A cold spell, dubbed the “Beast from the East,” crossed over Europe, bringing sub-zero temperatures from Siberia.

On Monday, the storm left Rome covered in snow, in the heaviest snowfall the Italian capital has experienced in six years.

Tourists reveled in the wintry weather starting snowball fights at historic sites, including the Vatican and the Forum, while the Circus Maximus became a playground for locals enjoying the rare snow.

France’s temperature dropped to -10 degrees Celsius and felt like -18 degrees Celsius said the AFP.

As a security measure, France opened extra emergency shelters for the homeless nationwide.

But the cold has already claimed the lives of at least 24 people, according to the AFP.

The freezing temperatures are expected to last until the end of the week.
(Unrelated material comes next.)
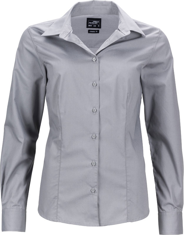 Popeline Business Bluse langarm, Taillierter femininer Schnitt, klassischer Kragen, Manschette am Ärmel, abgerundeter Saum, pflegeleichter Stoff, Easy Care, Schonwäsche, bügelleicht, 60° waschbar, nicht trocknergeeignet, Material: 105g/m², 50% Baumwolle, 50% Polyester, Größen: XS,S,M,L,XL,XXL,3XL
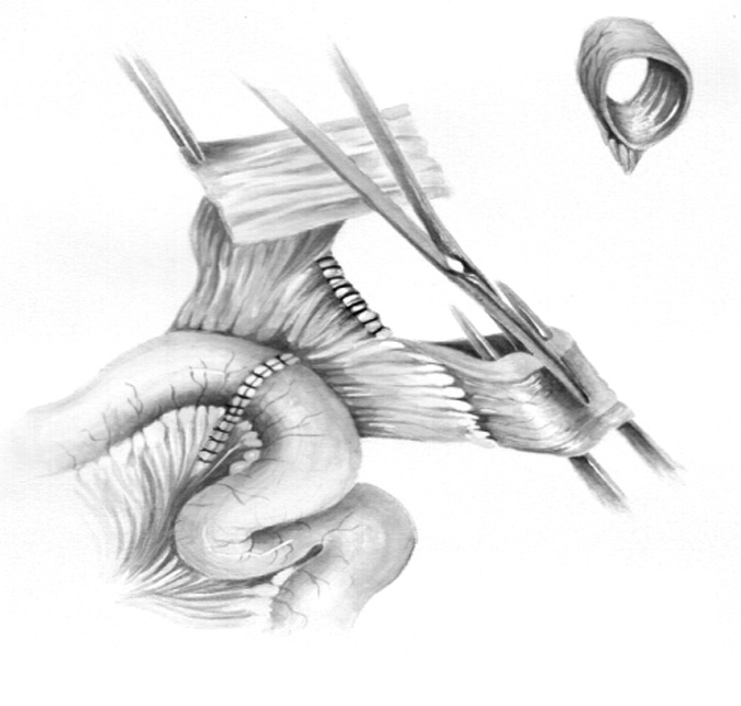 Рис. 3. Два коротких илеотрансплантата рассекаем по антибрыжеечным краям и поворачиваем на 90° навстречу друг другу. Справа вверху удаленный центральный сегмент трансплантата

In pictures: The Beast from the East bites Europe

The Beast from the East bites Europe

The weather “anomaly” is having a different impact on the Arctic, where the temperatures have soared to 20 degrees Celsius higher than the average according to the Climate Reanalyzer of the University of Maine/Climate Change Institute.

The northern tip of Greenland, has been above freezing degrees for the last fortnight while the Arctic sea has been shrinking said the World Meteorological Organisation. The average temperature in February is minus 32.9 degree Celsius according to records kept by the Danish Meteorological Institute.